Return each line of the data below exactly, omitting any pictures.

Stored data
════════════════════
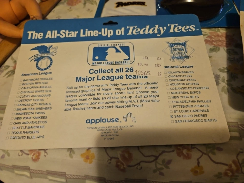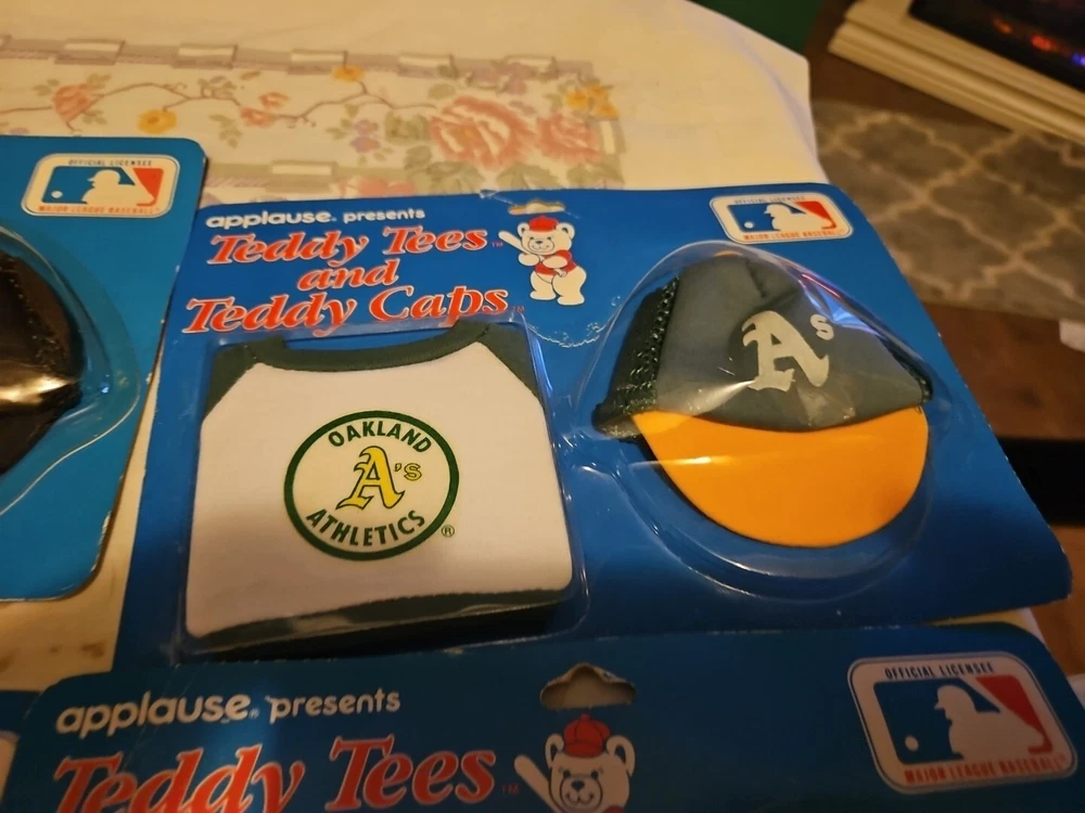 Color:Multi-ColorPlayer:n/aGender:teddy bearPre & Post Season:Regular SeasonLeague:Major League (MLB)Product:Teddy Bear Shirt and CapCapacity:N/ACountry/Region of Manufacture:ChinaTeam:Oakland AthleticsSize:Small Teddy Bear SizeModified Item:NoBrand:Applausegtin13:Does not applyUPC:Does not applySport:Baseball-MLB
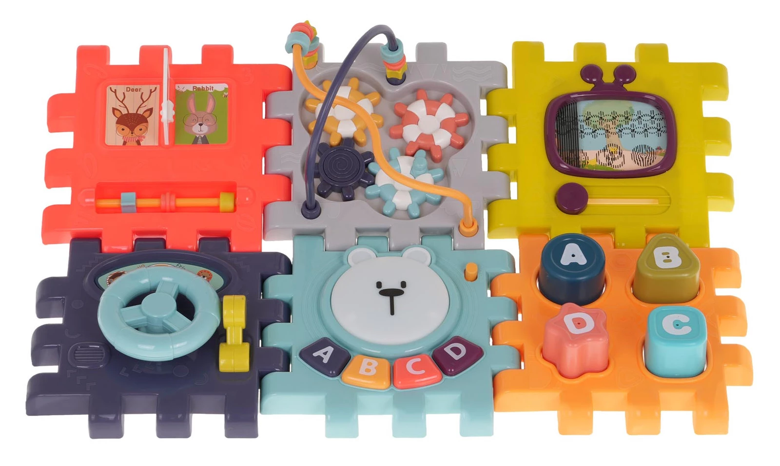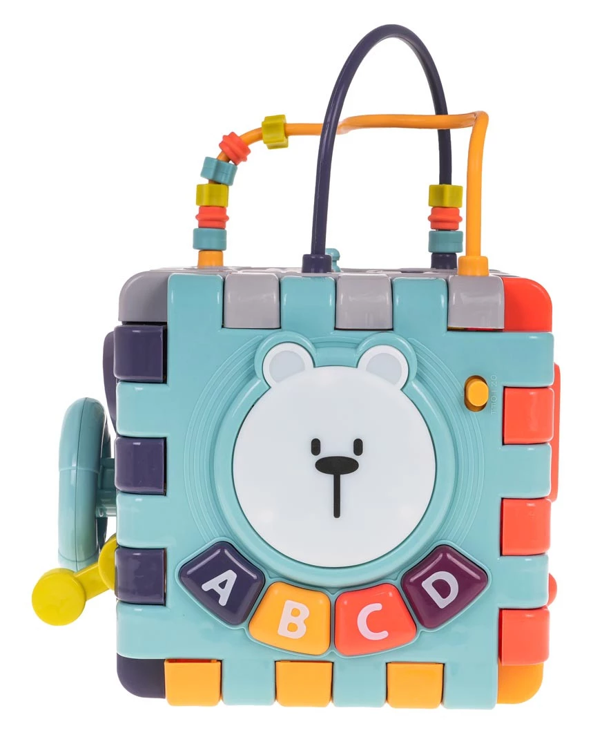 - ścianka z przekładaną książeczką i pałąkiem z ruchomymi elementami - ścianka z telewizorem i suwakiem - górna ścianka z kołami zębatymi i przekładankami Funkcje zestawu: - przeznaczona dla dzieci od 18-go miesiąca życia, - wykonana z najlepszej jakości plastiku w żywych kolorach, - boks złożony z 6 ścian, puzzli, - możliwość spinania w dowolnym układzie puzzli, - ścianka interaktywna z efektem światła (podświetlana głowa misia) i dźwięku (klawisze z numerkami i miś), - ruchome elementy: kierownica, dźwignia zmiany biegów, suwak, koła zębate, przekładane strony książki, - sorter kształtów z klockami, - klocki z grzechotką w środku. |
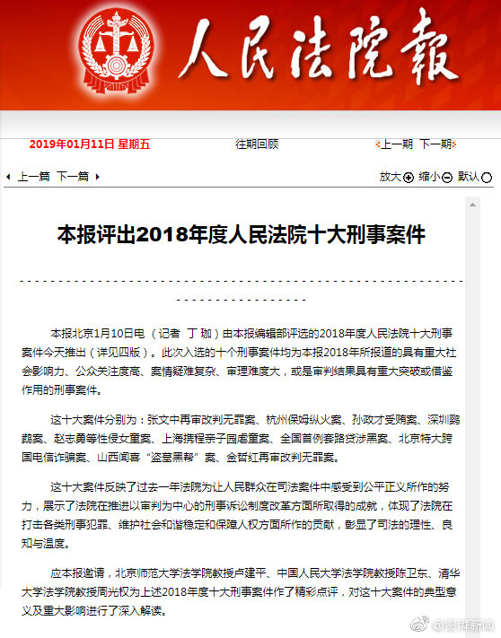 人民法院报报道显示,这十大案件反映了2018年法院为让人民群众在司法案件中感受到公平正义所作的努力,展示了法院在推进以审判为中心的刑事诉讼制度改革方面所取得的成就,体现了法院在打击各类刑事犯罪、维护社会和谐稳定和保障人权方面所作的贡献,彰显了司法的理性、良知与温度。
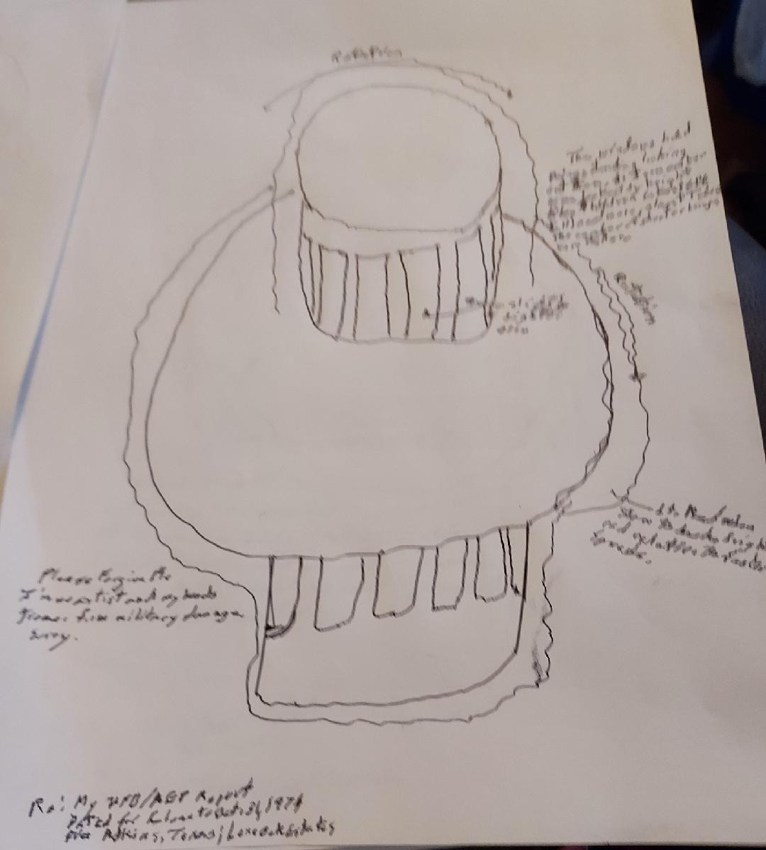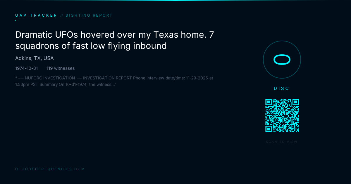 --- NUFORC INVESTIGATION --- INVESTIGATION REPORT Phone interview date/time: 11-29-2025 at 1:50pm PST Summary On 10-31-1974, the witness, identified as T, observed approximately 50 to 60 silent circular orange obs over his property and over the rest of the city of Adkins, Texas. T served in the U.S. Navy for approximately 7 years. Statements T stated that on the date/time of the observation, he was approximately 14 to 15 years old. T then stated that the first craft he observed was approximately 20 to 25 feet wide which he compared to the size of his garage that the craft flew over. T stated that the craft was orange in color, spinning clockwise, and was silent. T added that there was no wind and no air displacement while the craft hovered or when it rapidly accelerated out of sight. T stated that he could see windows on the craft as it was hovering 15 to 20 feet above him. T also stated that he saw humanoid looking creatures standing in the windows inside the craft. T stated that the creatures were standing on 2 legs, were really thin, had large eyes, and very long arms. T added that he also observed what he thought were children based on their size standing at the windows as well. T stated that he watched the craft as it started slowly and silently flying towards a nearby forest. T stated that he decided to follow the craft and ran after it. T added that he was able to catch up to the craft, and was running under it as it continued slowly flying towards the forest. T stated that he observed 3 round lights under the craft as he was easily keeping up with it. T then stated that when the craft approached the forest, he stopped and watched it descend into the trees. T stated that he returned to his residence and thought the situation was over. From his residence, he continued to watch the forest. T stated that the craft ascended from the forest about a half-hour later and met with another similar looking craft that had descended from the evening sky. T stated that the first craft changed its color to dark orange then rapidly accelerated straight up and out-of-sight. T stated that for over an hour, he observed approximately 50 to 60 different crafts ascend and descend into the forest and sky, usually in groups of 3 to 7, and on occasion, by themselves. T then stated that all the crafts looked the same, and were still silent. All of a sudden, the crafts that were closest to the forest descended into the forest, while the other crafts shot up into the atmosphere. T stated that his windows started to shake, and he heard a loud roar in the sky coming from behind him. T then stated that he counted 7 different squadrons of U.S. fighter jets as they flew over his house and headed for the forest. T stated that the squadrons would sometimes circle around the forest, while also flying over the area around his neighborhood. T stated that a black sedan drove at a high rate of speed through his neighborhood, and was headed for the forest as well. T stated that the jets flew around for a few minutes, then left. For the next 40 minutes, everything was quiet including all his dogs and chickens that had run off to hide somewhere. T added that the animal's hiding was very unusual. After the 40 minutes was up, a large number of dark orange crafts shot up out of the forest and silently flew away in every direction. T noticed that just about everyone in his surrounding neighborhood was outside watching the show. T stated that he never did see the black sedan leave the area, but it could have without his knowledge since he was more focused on the crafts and fighter jets. T stated that even though this incident happened many years ago, he still remembers it like it happened yesterday. T also stated that after the incident, he had nightmares about UFOs for quite some time. T stated that his sister might have had a UFO encounter when she was younger, so he gave me her phone number to see if she would be interested in talking about it. On 12-1-2025 at 1:30pm PST I spoke to T's sister identified as R. R stated that her possible UFO encounter occurred in Hall Summit, Louisiana when she was approximately 21 years old. R then stated that she was with 2 other friends when the incident occurred. R stated that the year was 1983 and all 3 friends were walking on a familiar country road at night. R stated that as the 3 of them were walking, she noticed that all 3 of them were walking in slow motion. R stated that all 3 of the girls looked at each other with wide eyes as they continued to walk slowly together. R then stated that she remembers being able to see the road and the forest around her, and the only other thing she can remember was how heavy the air felt. R stated that at the time, she had no idea how long the 3 of them were walking slowly, then all of a sudden, they were walking normally. R then stated that if felt to her like the 3 of them were shoved out of whatever they were in. R added that all 3 of them sprinted to the signal light ahead and then walked home. R then stated that when she got home, her brother T was waiting on the porch getting ready to go look for her. R stated that T told her that she was 3 hours late coming home, and he was worried and preparing to go look for her. R stated that she told T what had happened. R stated that she didn't have any side-effects from the experience until about 3 months later when she felt a lump on the back of her neck. R stated that the lump was on the left side. R also stated that both her friends each had a lump on their necks in the same place. R stated that she didn't go see a doctor about the lump, even though it would swell up on occasion. R stated that her 2 friends told her that their lumps also would swell up on occasion. R stated that when she tried to touch the lump, it seemed to move. R stated that after 20 years, the lump finally popped, and something came out and landed on her laundry room floor. R added that whatever it was that came out hit the floor 
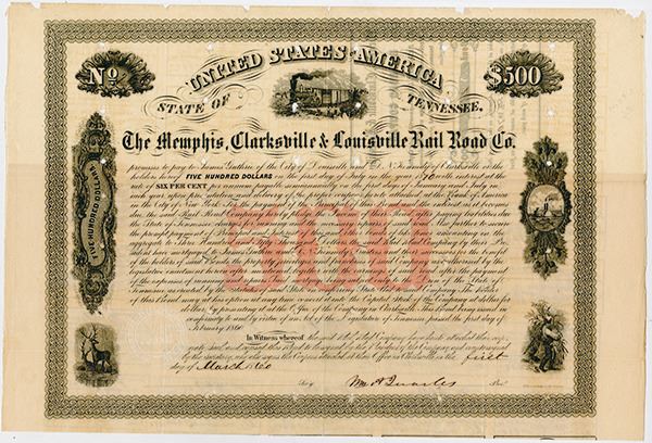 Tennessee. $500, bond, train r-l plus three vignettes, horizontal format, handwritten redemption date, mortgage, large horizontal format, bearer coupon, 6%, 1860, by Mid&W.
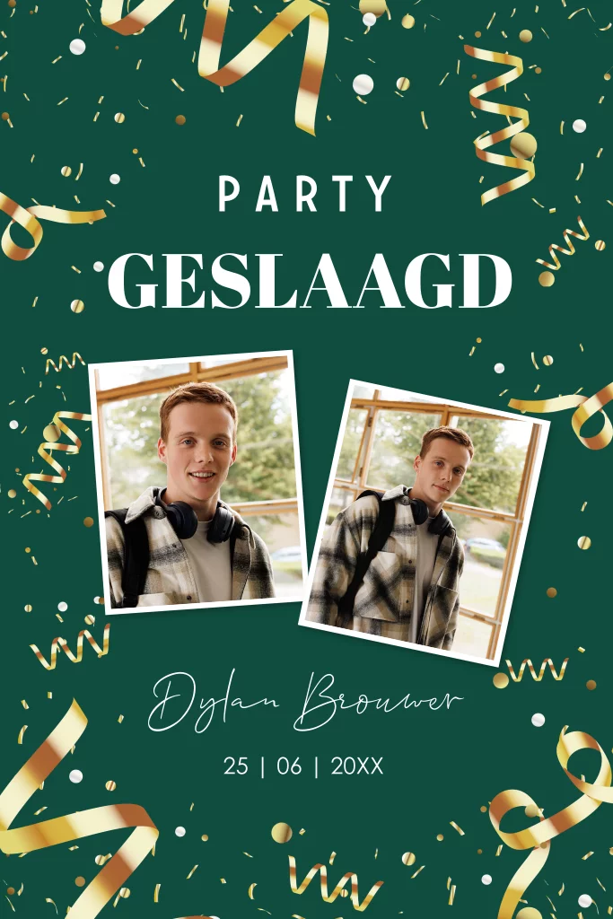 Feestelijke uitnodiging geslaagd voor een jongen groen met foto 's, slingers en confetti.
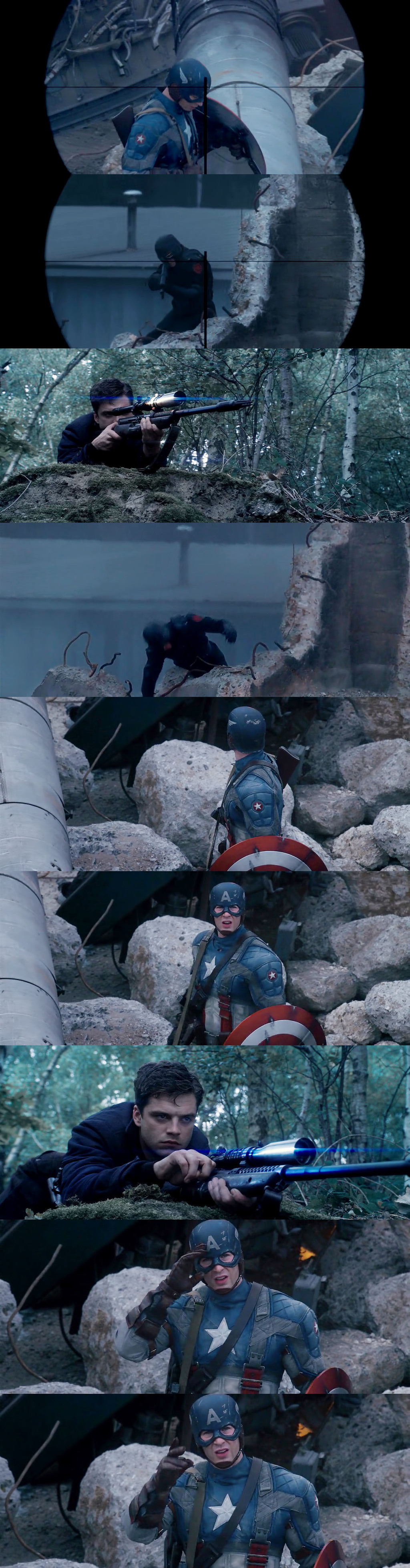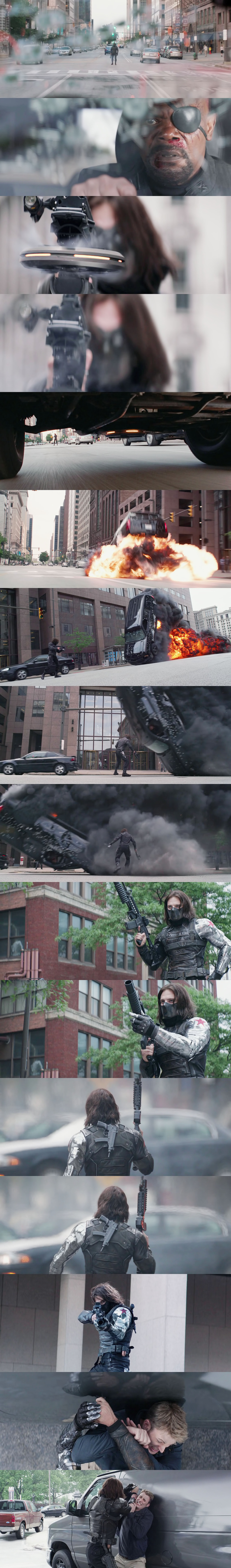 버키와 스티브가 공격해오는 하이드라와 맞서 싸우고 있을 때
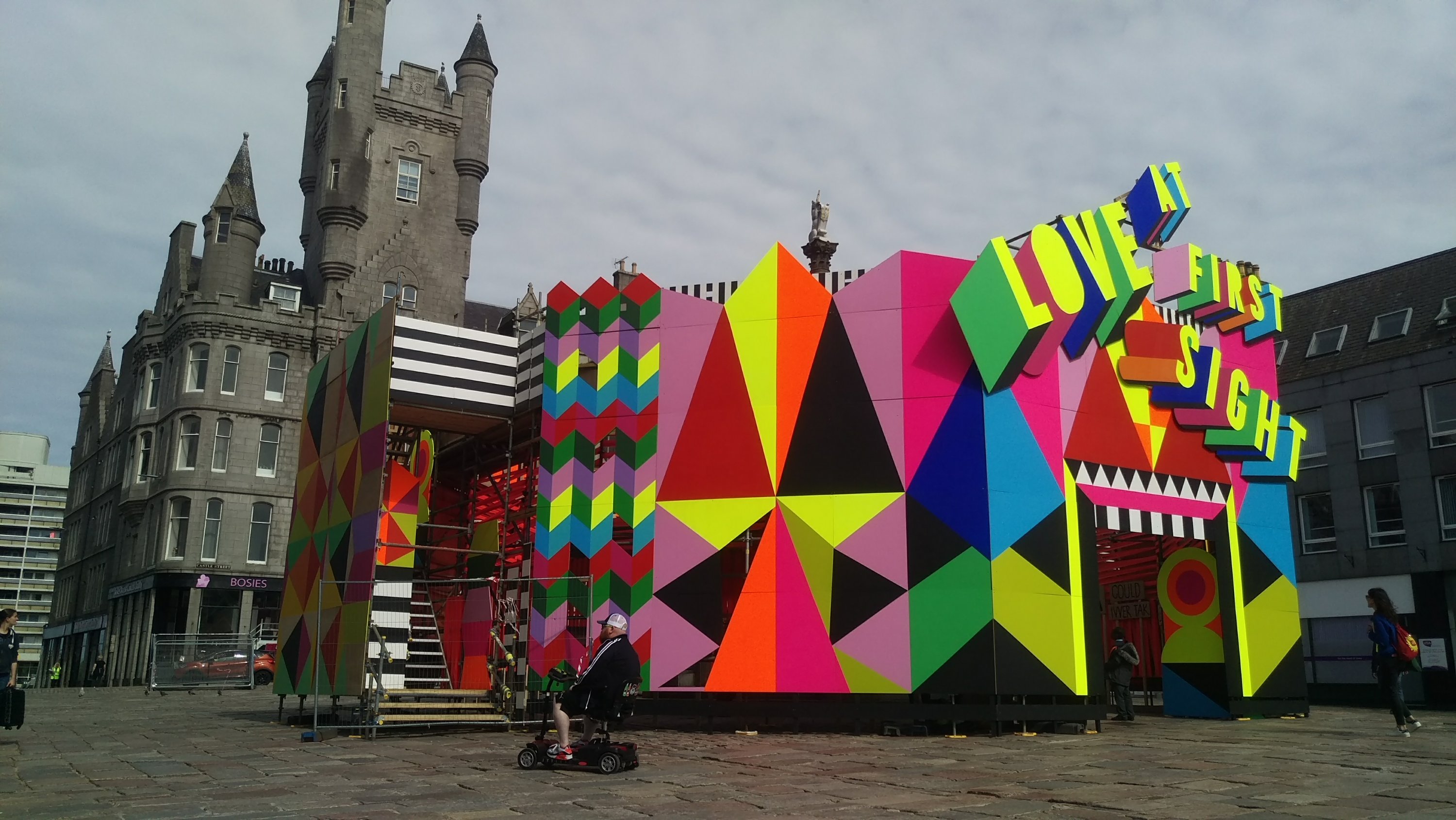 Morag Myerscough’s installation in collaboration with poet Jo Gilbert encompasses the Mercat Cross. Commissioned by Aberdeen’s LookAgain Festival (based in Gray’s)
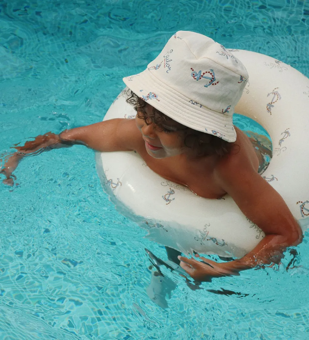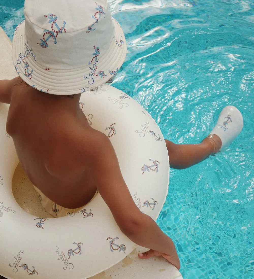 Fin Konges Sløjd badering i råhvid med smalle blå striber og et fint “Sailor” print.
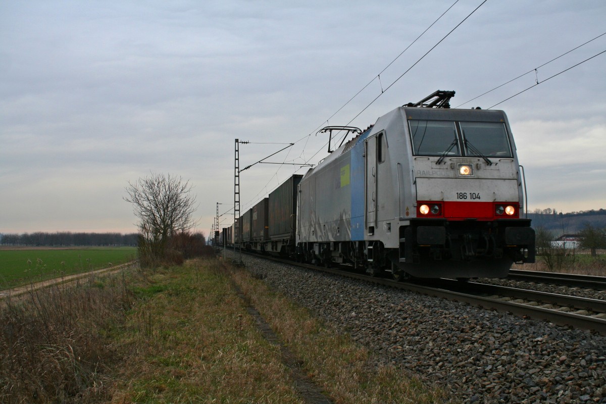 186 104 mit dem 42013 von Wanne-Eickel nach Melzo am Nachmittag des 29.01.14 bei Hügelheim.
════════════════════
**Task answer**
 Color:Multi-ColorPlayer:n/aGender:teddy bearPre & Post Season:Regular SeasonLeague:Major League (MLB)Product:Teddy Bear Shirt and CapCapacity:N/ACountry/Region of Manufacture:ChinaTeam:Oakland AthleticsSize:Small Teddy Bear SizeModified Item:NoBrand:Applausegtin13:Does not applyUPC:Does not applySport:Baseball-MLB
 - ścianka z przekładaną książeczką i pałąkiem z ruchomymi elementami - ścianka z telewizorem i suwakiem - górna ścianka z kołami zębatymi i przekładankami Funkcje zestawu: - przeznaczona dla dzieci od 18-go miesiąca życia, - wykonana z najlepszej jakości plastiku w żywych kolorach, - boks złożony z 6 ścian, puzzli, - możliwość spinania w dowolnym układzie puzzli, - ścianka interaktywna z efektem światła (podświetlana głowa misia) i dźwięku (klawisze z numerkami i miś), - ruchome elementy: kierownica, dźwignia zmiany biegów, suwak, koła zębate, przekładane strony książki, - sorter kształtów z klockami, - klocki z grzechotką w środku. |
 人民法院报报道显示,这十大案件反映了2018年法院为让人民群众在司法案件中感受到公平正义所作的努力,展示了法院在推进以审判为中心的刑事诉讼制度改革方面所取得的成就,体现了法院在打击各类刑事犯罪、维护社会和谐稳定和保障人权方面所作的贡献,彰显了司法的理性、良知与温度。
 --- NUFORC INVESTIGATION --- INVESTIGATION REPORT Phone interview date/time: 11-29-2025 at 1:50pm PST Summary On 10-31-1974, the witness, identified as T, observed approximately 50 to 60 silent circular orange obs over his property and over the rest of the city of Adkins, Texas. T served in the U.S. Navy for approximately 7 years. Statements T stated that on the date/time of the observation, he was approximately 14 to 15 years old. T then stated that the first craft he observed was approximately 20 to 25 feet wide which he compared to the size of his garage that the craft flew over. T stated that the craft was orange in color, spinning clockwise, and was silent. T added that there was no wind and no air displacement while the craft hovered or when it rapidly accelerated out of sight. T stated that he could see windows on the craft as it was hovering 15 to 20 feet above him. T also stated that he saw humanoid looking creatures standing in the windows inside the craft. T stated that the creatures were standing on 2 legs, were really thin, had large eyes, and very long arms. T added that he also observed what he thought were children based on their size standing at the windows as well. T stated that he watched the craft as it started slowly and silently flying towards a nearby forest. T stated that he decided to follow the craft and ran after it. T added that he was able to catch up to the craft, and was running under it as it continued slowly flying towards the forest. T stated that he observed 3 round lights under the craft as he was easily keeping up with it. T then stated that when the craft approached the forest, he stopped and watched it descend into the trees. T stated that he returned to his residence and thought the situation was over. From his residence, he continued to watch the forest. T stated that the craft ascended from the forest about a half-hour later and met with another similar looking craft that had descended from the evening sky. T stated that the first craft changed its color to dark orange then rapidly accelerated straight up and out-of-sight. T stated that for over an hour, he observed approximately 50 to 60 different crafts ascend and descend into the forest and sky, usually in groups of 3 to 7, and on occasion, by themselves. T then stated that all the crafts looked the same, and were still silent. All of a sudden, the crafts that were closest to the forest descended into the forest, while the other crafts shot up into the atmosphere. T stated that his windows started to shake, and he heard a loud roar in the sky coming from behind him. T then stated that he counted 7 different squadrons of U.S. fighter jets as they flew over his house and headed for the forest. T stated that the squadrons would sometimes circle around the forest, while also flying over the area around his neighborhood. T stated that a black sedan drove at a high rate of speed through his neighborhood, and was headed for the forest as well. T stated that the jets flew around for a few minutes, then left. For the next 40 minutes, everything was quiet including all his dogs and chickens that had run off to hide somewhere. T added that the animal's hiding was very unusual. After the 40 minutes was up, a large number of dark orange crafts shot up out of the forest and silently flew away in every direction. T noticed that just about everyone in his surrounding neighborhood was outside watching the show. T stated that he never did see the black sedan leave the area, but it could have without his knowledge since he was more focused on the crafts and fighter jets. T stated that even though this incident happened many years ago, he still remembers it like it happened yesterday. T also stated that after the incident, he had nightmares about UFOs for quite some time. T stated that his sister might have had a UFO encounter when she was younger, so he gave me her phone number to see if she would be interested in talking about it. On 12-1-2025 at 1:30pm PST I spoke to T's sister identified as R. R stated that her possible UFO encounter occurred in Hall Summit, Louisiana when she was approximately 21 years old. R then stated that she was with 2 other friends when the incident occurred. R stated that the year was 1983 and all 3 friends were walking on a familiar country road at night. R stated that as the 3 of them were walking, she noticed that all 3 of them were walking in slow motion. R stated that all 3 of the girls looked at each other with wide eyes as they continued to walk slowly together. R then stated that she remembers being able to see the road and the forest around her, and the only other thing she can remember was how heavy the air felt. R stated that at the time, she had no idea how long the 3 of them were walking slowly, then all of a sudden, they were walking normally. R then stated that if felt to her like the 3 of them were shoved out of whatever they were in. R added that all 3 of them sprinted to the signal light ahead and then walked home. R then stated that when she got home, her brother T was waiting on the porch getting ready to go look for her. R stated that T told her that she was 3 hours late coming home, and he was worried and preparing to go look for her. R stated that she told T what had happened. R stated that she didn't have any side-effects from the experience until about 3 months later when she felt a lump on the back of her neck. R stated that the lump was on the left side. R also stated that both her friends each had a lump on their necks in the same place. R stated that she didn't go see a doctor about the lump, even though it would swell up on occasion. R stated that her 2 friends told her that their lumps also would swell up on occasion. R stated that when she tried to touch the lump, it seemed to move. R stated that after 20 years, the lump finally popped, and something came out and landed on her laundry room floor. R added that whatever it was that came out hit the floor 
 Tennessee. $500, bond, train r-l plus three vignettes, horizontal format, handwritten redemption date, mortgage, large horizontal format, bearer coupon, 6%, 1860, by Mid&W.
 Feestelijke uitnodiging geslaagd voor een jongen groen met foto 's, slingers en confetti.
 버키와 스티브가 공격해오는 하이드라와 맞서 싸우고 있을 때
 Morag Myerscough’s installation in collaboration with poet Jo Gilbert encompasses the Mercat Cross. Commissioned by Aberdeen’s LookAgain Festival (based in Gray’s)
 Fin Konges Sløjd badering i råhvid med smalle blå striber og et fint “Sailor” print.
 186 104 mit dem 42013 von Wanne-Eickel nach Melzo am Nachmittag des 29.01.14 bei Hügelheim.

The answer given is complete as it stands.